Capture of Bahadur Shah Zafar and his sons by William Hodson at Humayun's tombon 20 September 1857
The troops of the besieging force proceeded to loot and pillage the city. A large number of the citizens were killed in retaliation for the Europeans and Indian civilians that had been killed by the rebel sepoys. During the street fighting, artillery had been set up in the main mosque in the city and the neighbourhoods within range were bombarded. These included the homes of the Muslim nobility from all over India, and contained innumerable cultural, artistic, literary and monetary riches.
The British soon arrested Bahadur Shah, and the next day British officer William Hodson shot his sons Mirza Mughal, Mirza Khazir Sultan, and grandson Mirza Abu Bakr under his own authority at the Khooni Darwaza (the bloody gate) near Delhi Gate. On hearing the news Zafar reacted with shocked silence while his wife Zinat Mahal was happy as she believed her son was now Zafar's heir.[77]

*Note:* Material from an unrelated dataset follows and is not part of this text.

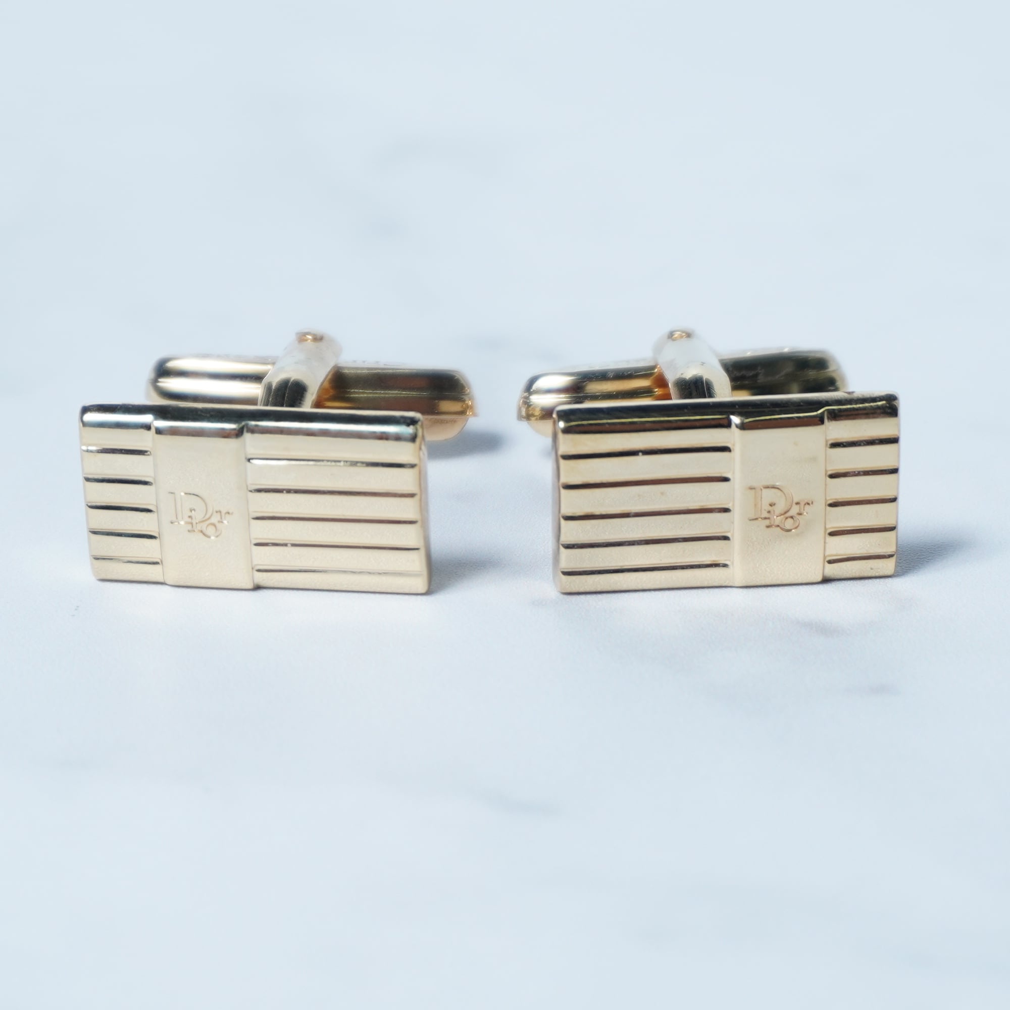 【Christian Dior】クリスチャンディオール トロッターロゴ ボーダーカフスピン gold

Shortly after the fall of Delhi, the victorious attackers organised a column which relieved another besieged Company force in Agra, and then pressed on to Cawnpore, which had also recently been recaptured. This gave the Company forces a continuous, although still tenuous, line of communication from the east to west of India.

[edit]Cawnpore (Kanpur)

Tantia Topee's Soldiery
A memorial erected (circa 1860) by the British after the Mutiny at the Bibi Ghar Well. After India's Independence the statue was moved to the Memorial Church, Cawnpore. Albumen silver print by Samuel Bourne, 1860.
In June, sepoys under General Wheeler in Cawnpore (present day Kanpur) rebelled and besieged the European entrenchment. Wheeler was not only a veteran and respected soldier, but also married to a high-caste Indian lady. He had relied on his own prestige, and his cordial relations with the Nana Sahib to thwart rebellion, and took comparatively few measures to prepare fortifications and lay in supplies and ammunition.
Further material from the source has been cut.